Source: Clarion, 2000. 2 pages.

Lamentations 2:14 - Exposing Sin, Saving from Death

The visions of your prophets were false and worthless; they did not expose your sin or ward off your captivity. The oracles they gave you were false and misleading.

Lamentations 2:14

It is easy to say what people want to hear. It becomes a lot more difficult when you point out someone’s faults. Anyone who has been concerned about wrong words or actions of a brother or sister and tried to warn them, knows how difficult it is. Admonition, of course, should always take place in love. However, it is not always appreciated. At least not at first. It is hard to humble oneself before the will of God.

However, persistent sin needs to be talked about with the other for their good. We may not leave them in their sin. It is not right to think that it is their own business and they have to answer for themselves anyway. We are all responsible for each other in the communion of saints. This is how our God wants us to ward off each other’s decline and destruction.

This is what the text shows. Jeremiah was lamenting the fall and destruction of Jerusalem. The covenant people had been led into exile. And why? Largely because their prophets had not warned about sin. They had given false and misleading words. They had spoken what the people wanted to hear.

Think of what the prophet Hananiah said just before the final destruction of Jerusalem. He knew what the people wanted to hear – that there would be no destruction and captivity anymore. They wanted to hear about restoration without repentance. He declared,

This is what the LORD Almighty, the God of Israel, says: ‘I will break the yoke of the king of Babylon. Within two years, I will bring back to this place all the articles of the LORD’s house that Nebuchadnezzar king of Babylon removed from here and took to Babylon. I will also bring back to this place Jehoiachin son of Jehoiakim king of Judah who went to Babylon,’ declares the LORD, ‘for I will break the yoke of the king of Babylon.’Jeremiah 28:2-4

Who didn’t want to believe those words? Jeremiah himself says, “Amen! May the LORD do so!” (Jeremiah 28:6). But he saw through this. He realized this was false. There had been no repentance, and so further punishment would surely come. The vision of Hananiah was false, his prophecy misleading. God had threatened judgment on Jerusalem unless there was repentance from sin. Hananiah neglected to point out those sins. And so he simply speeded the city on to its destruction.

Today’s prophets can learn from this. Ministers are not ordained to say what the people want to hear. They are to expose sin – not to put people down, but to show their need for the Saviour. That’s the point: to call to Christ. That alone can ward off condemnation. God’s people do not need interesting speeches. They need sermons that call to repentance and to faith in God’s grace.

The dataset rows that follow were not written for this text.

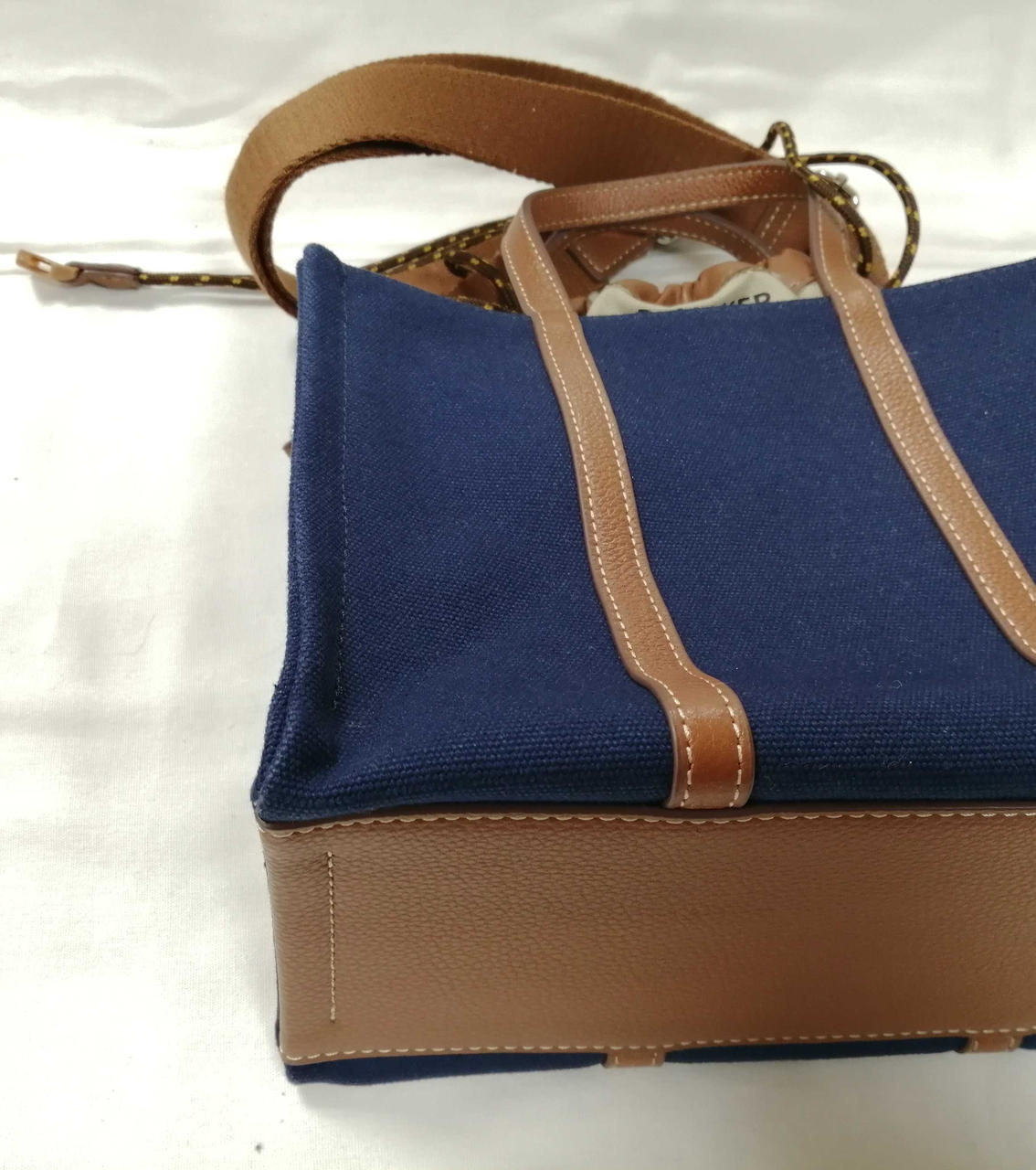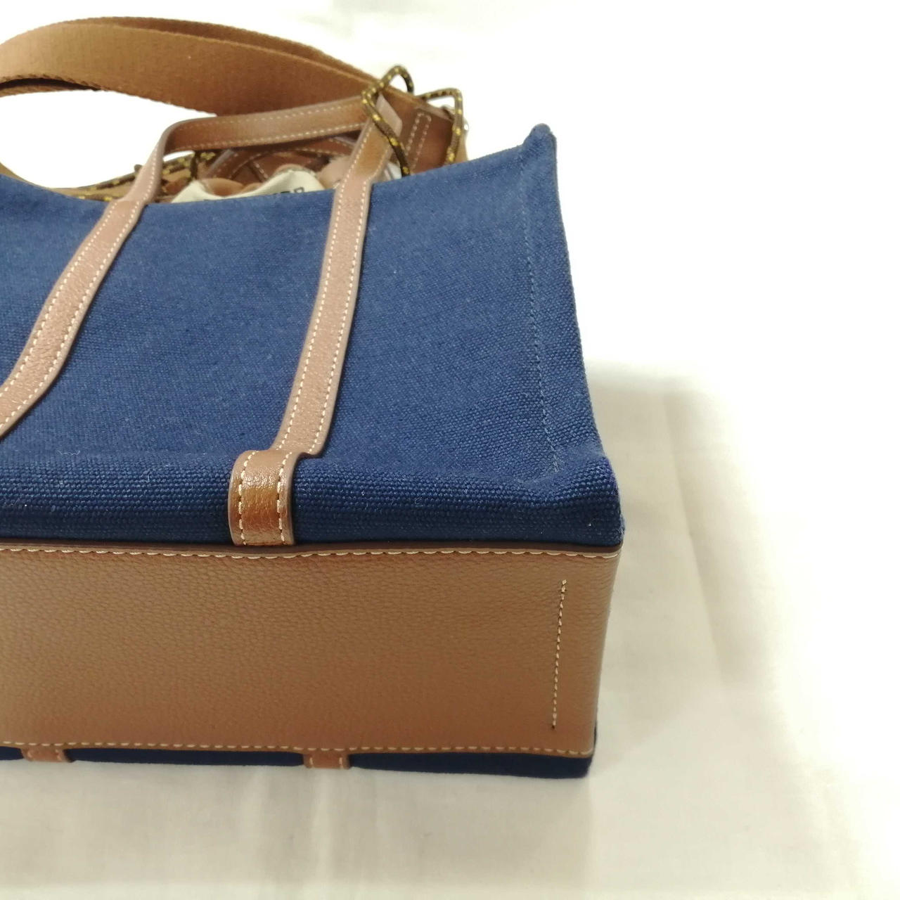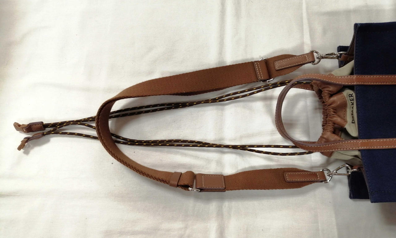 ネイビーのキャンバス生地とブラウンのレザの切り替えデザインの逸品です! |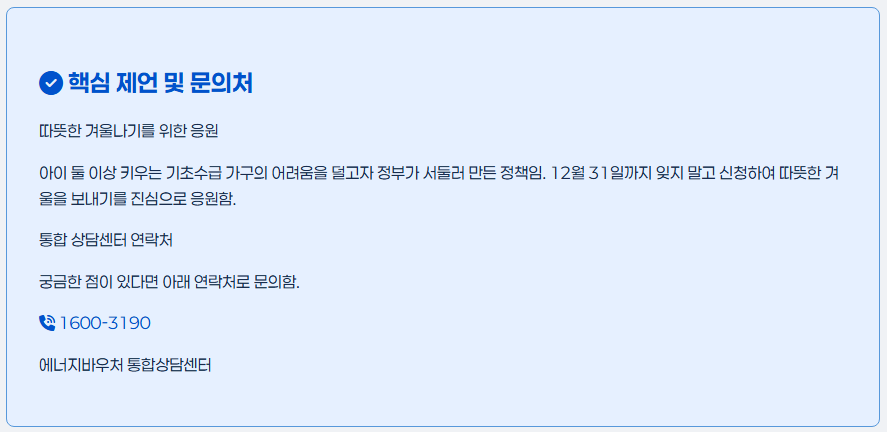 아이 둘 이상 키우면서 기초수급으로 생활하시느라 정말 힘드실 텐데, 겨울 난방비라도 조금이라도 덜어드리려고 정부가 서둘러서 정책을 만든 거라고 하니 꼭 챙기셨으면 좋겠어요.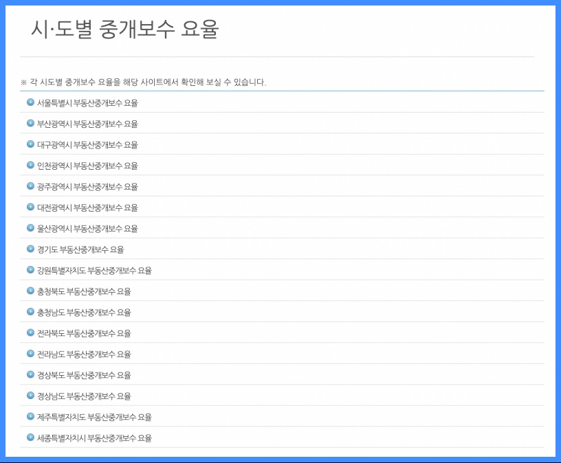 참고로 거래 지역별로 부동산 중개보수 요율이 조금씩 차이가 있을 수 있습니다. 정확한 지역별 중개수수율표는 아래 사이트를 통해서 확인해 보시길 바랍니다.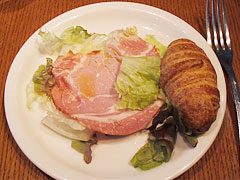 日比谷線・神谷町駅から徒歩2分、坂の途中にあって、隠れ家レストランという感じのお店、ビストロチョロズディー(Bistro Choro's D)に行きました。グリーンが飾られて、白いペンキが印象的な可愛らしいお店です。ランチコースは、1,000円~1,500円。私達は、オードブル、スープ、サラダ、メイン、デザート、ドリンクのつく充実のCランチ((1,500円)を頂きました。・前菜・メイン&サラダ&スープ前菜は、スモークサーモン、レバームース、イタリアンハム。特にレバーは、パンがススム美味しさです。具沢山のスープは、アツアツが好印象でした。メインは、4種類程度の中から選ぶことができます。私は、カジキマグロのステーキをチョイス。薄いですが大くカットされたカジキマグロは、半生で、ジューシーでした。・デザート&コーヒーデザートも4種類程度から選べます。私はチョコレートケーキをチョイスしました。実はこのお店、satopiesさん に教えていただきました。素敵なお店を教えていただいて、ありがとうございました☆ お手数ですが、応援クリックお願いします!- - - - -<ビストロチョロズディー(Bistro Choro's D)> 住 所 : 東京都港区虎ノ門5-3-10 トランスパックビル1F 電 話 : 03-3434-5453 営業時間 : 月-金 11:30-14:00(LO)、18:00-21:30(LO)、土12:00-14:30(LO)、17:30-20:30(LO)、日祝定休
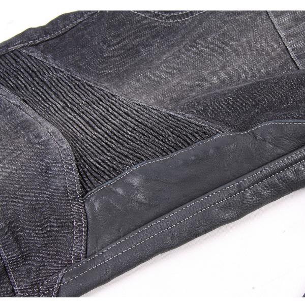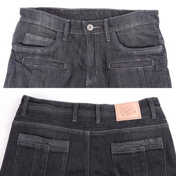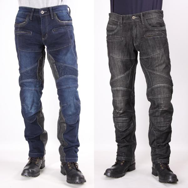バイク用パンツ デニム 本革ヒートガード付き ライディングパンツ プロテクター付 メンズ ネイビー/ブラック DP-27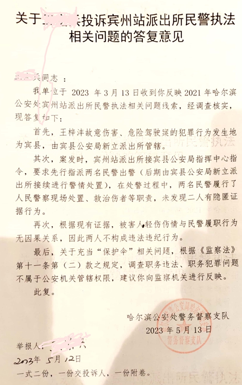 针对王雪东、马相云在执法过程中的严重不作为,已经涉嫌渎职的犯罪行为以及充当犯罪团伙保护伞的行为,辩护人已经向哈尔滨市铁路公安局、哈尔滨公安处警务督察支队进行了举报,在铁证面前,该督察支队竞认定二人不违法。

And that is what the people need to accept too, for their own salvation. We constantly need to be called to repentance and to faith in Jesus Christ. In Lord’s Day 44 of the Heidelberg Catechism, we confess that God wants his law preached strictly so that we become more and more aware of our sin and so seek more eagerly the forgiveness of sins and righteousness in Christ. Preaching has to point out sin, not because people have to earn their own righteousness, but to bring them to Christ the only Saviour. That’s prophecy from the pulpit.

After Pentecost, however, we are all prophets. Christ poured the Holy Spirit on the church so that we all might speak and confess the truth uprightly. Therefore, in a very real sense, the words of the text above apply to all of us now. We are called to expose one another’s sins in the church, and so to ward off disaster for each other. That is why the Lord Jesus gave the rule of Matthew 18 in the New Testament. We are all to speak the truth in love to each other, for,

Whoever turns a sinner from the error of his way will save him from death and cover a multitude of sins.James 5:20

I think Lamentations says something we need to remember in our age of freedom and individualism. As prophets, we are called to expose one another’s sins. Not in self-righteousness, but to call to Christ and to his righteousness. That may not be a pleasant thing to do. It is a lot easier to say nice things, and to avoid the issue. But where sin is not exposed, destruction is not warded off, and forgiveness is not sought. God wants us prophetically to point out sin in order to point to Jesus Christ. Then we are the living church of Christ.